A “living” trust is a trust that may be freely changed or revoked by the
donor. Oftentimes, the donor also is the first trustee, as well as the
primary beneficiary. When a trust donor dies, a living trust becomes
irrevocable, and cannot be changed thereafter. At that time, the trust
may terminate with the second trustee distributing the assets as
directed in the document, or the trust may continue for other
beneficiaries. Sometimes a living trust is fully or partially funded
during the donor’s life. Other times a trust is funded only once the
donor has died.
The following discussion touches on some advantages and disadvantages of
living trusts.
Avoiding probate - A living trust is not subject to “probate.”

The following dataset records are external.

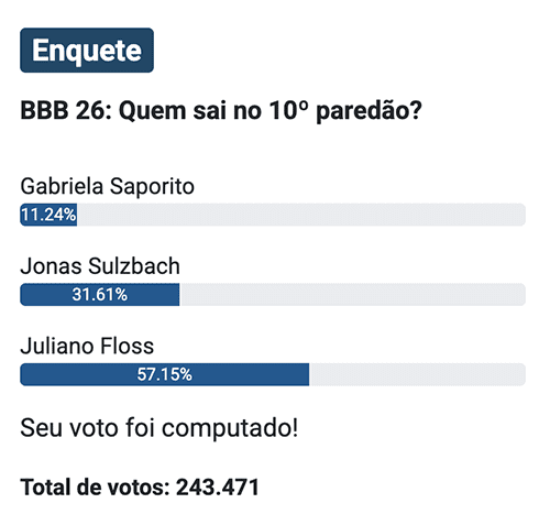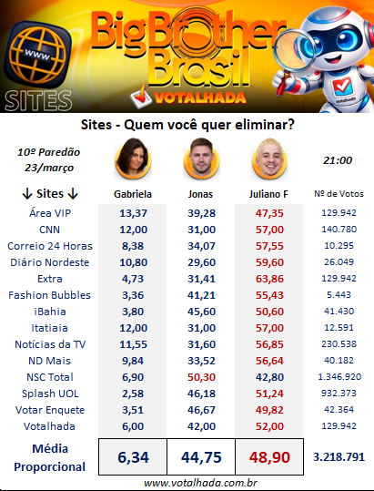 Já no compilado do Votalhada, que reúne 12 sites e ultrapassa 3,2 milhões de votos, a diferença é bem menor: Juliano tem 48,90% e Jonas aparece próximo, com 44,75%, enquanto Gabriela registra 6,34%.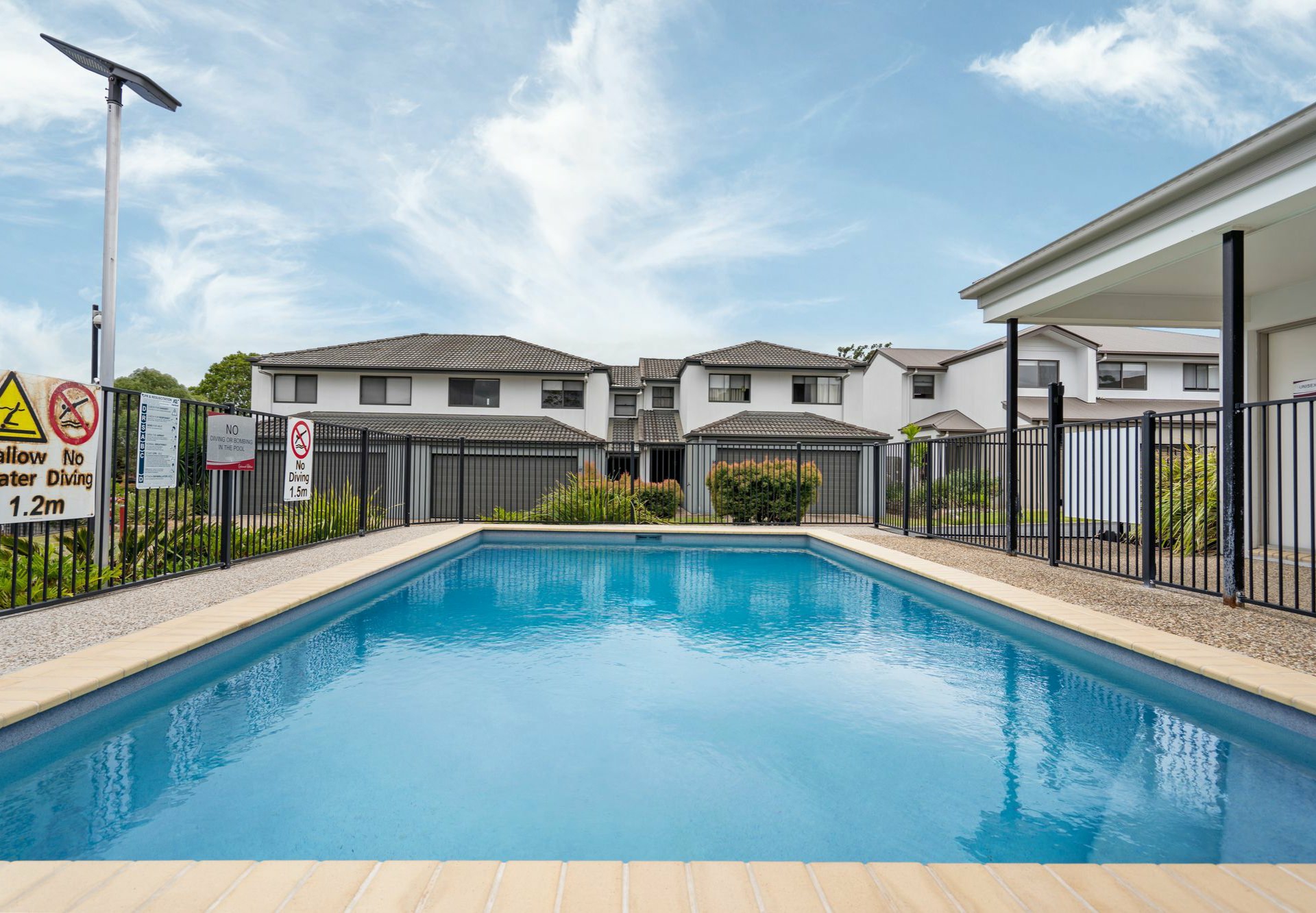 - Practical comforts including single garage, driveway parking, split-system air conditioning, and sparkling in-ground pool for residents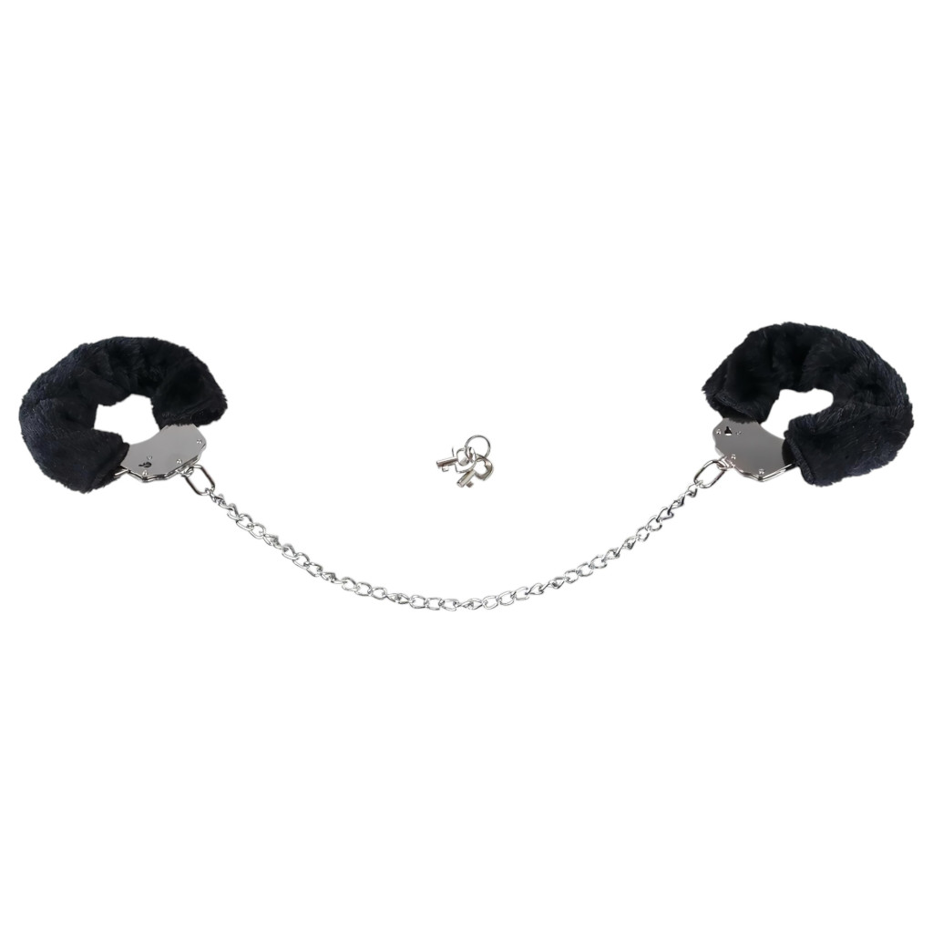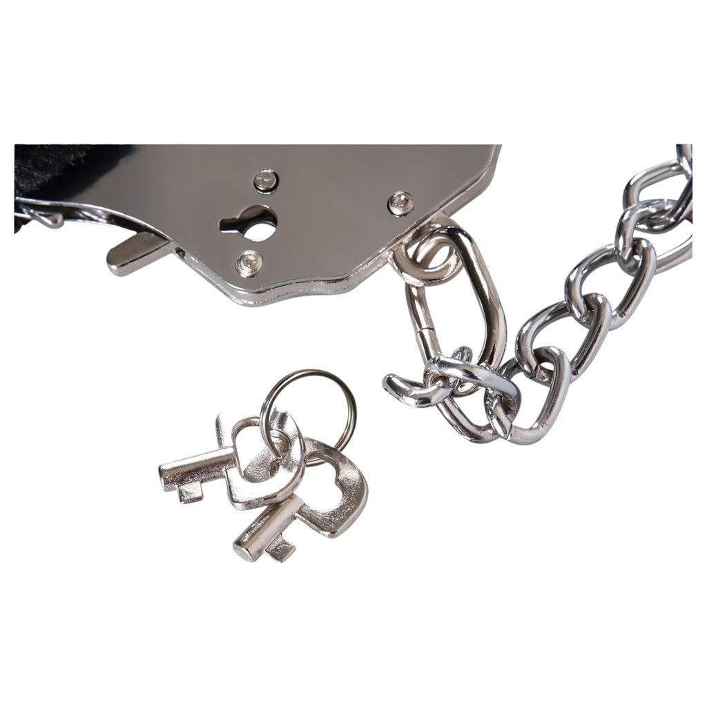 Erős fém bilincs, levehető, puha plüss borítással. Kézi kioldóval és két kulccsal. Extra hosszú, 44cm-es lánccal készül.

Probate is the process whereby the Register or Judge of Probate declares
a last will and testament valid, and appoints an executor to settle the
decedent’s estate. The assets of a living trust may be transferred to
surviving beneficiaries, without resort to the probate. Yet, many donors
of living trusts intentionally or unintentionally do not take full
advantage of this fact, but leave behind assets that require probate.
Therefore, even if you create a living trust, you also should have a
pour-over will to capture any leftover probate assets.

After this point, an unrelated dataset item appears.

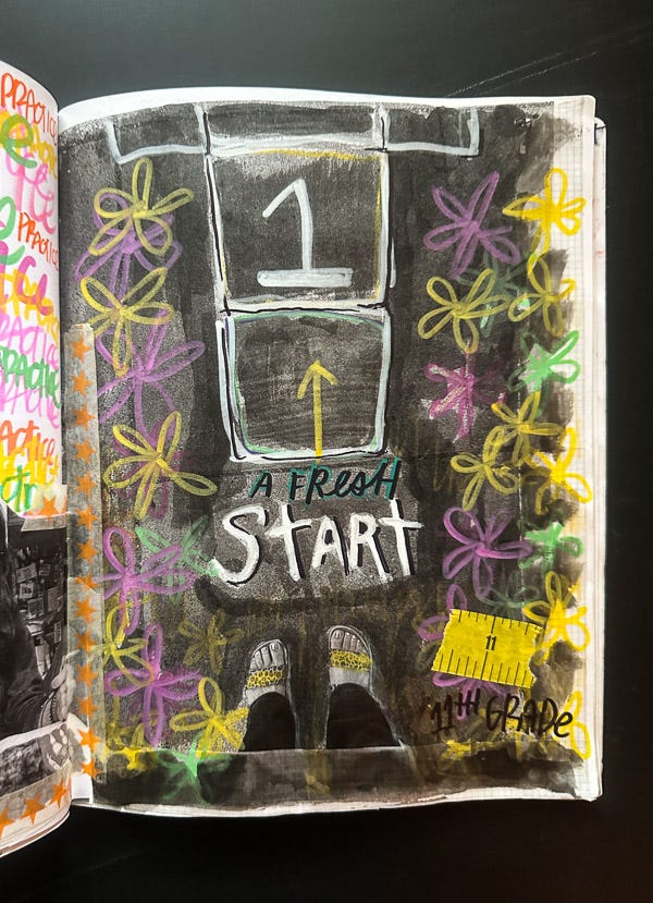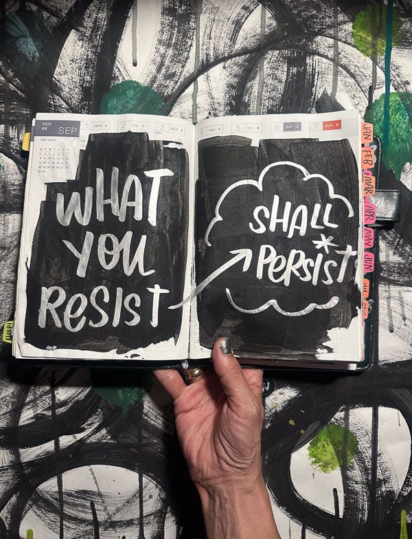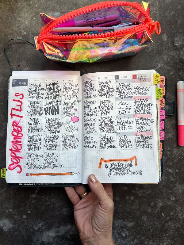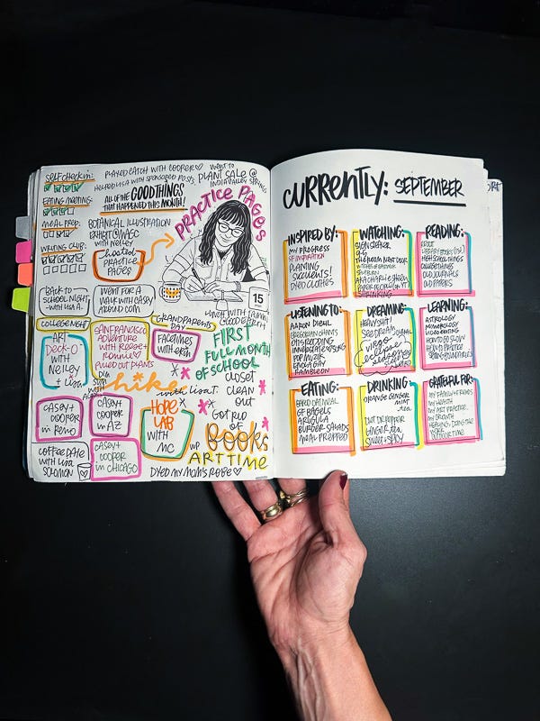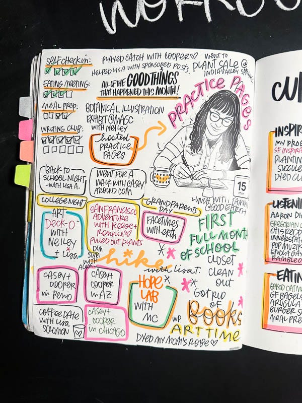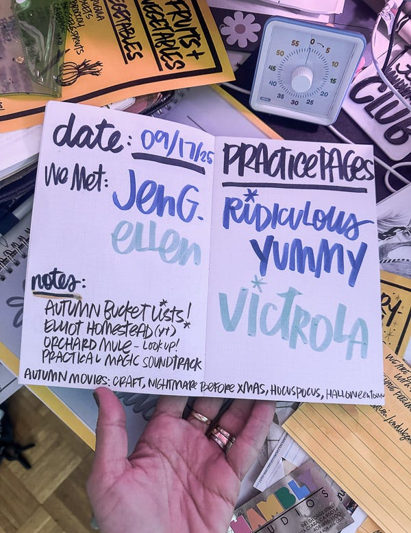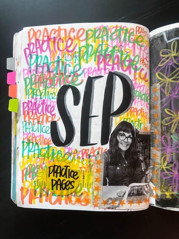 In September, I started Practice Pages!!! It’s a paid subscriber thing for my Substack community. I’m hosting two monthly zoom calls to help you check in with yourself/journals/workbooks. As you can see here, I practiced the word PRACTICE. I love playing around with color combos and seeing how I can make new colors when they cross over.

If you own real property in another state, it may be a good idea to deed
it to a living trust so as to avoid probate in that other state.

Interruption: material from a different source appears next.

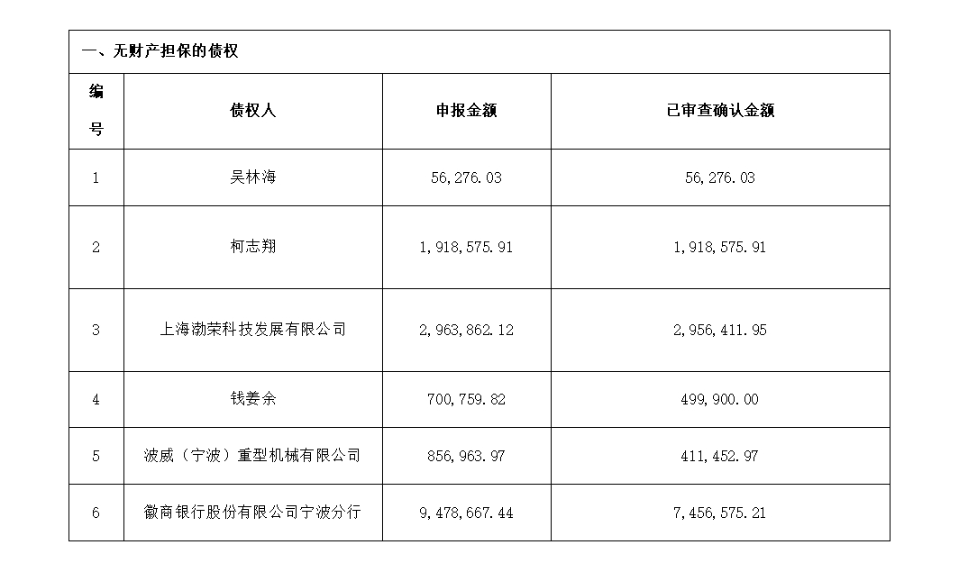 债权人:波威(宁波)重型机械有限公司,审定债权本金411,452.97元,债权性质为普通债权。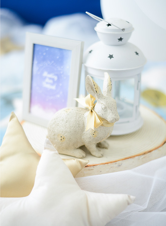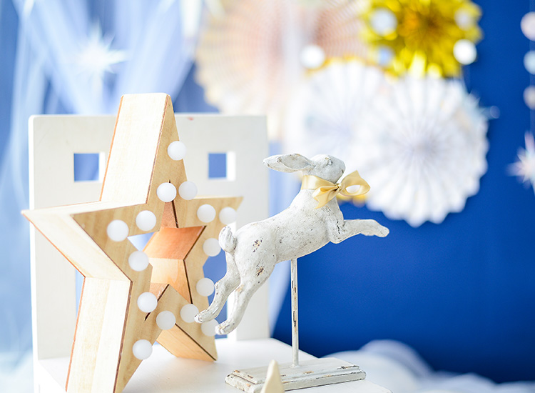 ”七夕”をテーマに、たくさんの星とキラキラアイテムでまとめました。まるで雲の上で星を見ているような、とってもドリーミーな気分になれるフォトブースです♪

Reducing expenses - The fees for creating a living trust
typically are higher than the cost of a will. In addition, a trust may
incur fees and costs when transferring assets from the donor to the
trust. A professional trustee may charge annual management fees.
The costs of settling a decedent’s affairs (paying bills, inventorying
assets, preparing tax returns, and distributing assets) are roughly the
same whether the decedent employed a will or living trust. Trustees are
entitled to charge commissions similar to executor’s fees. Unlike a few
other states, Maine does not allow percentage fees that are unrelated to
the actual work performed.
A living trust does, however, avoid the “probate fees” levied by the
Probate Court. These fee are based on the value of the probate assets,
and in Maine, the highest probate fee is $800, plus $50 for every
additional $500,000 (or less) of value over 2.5 million.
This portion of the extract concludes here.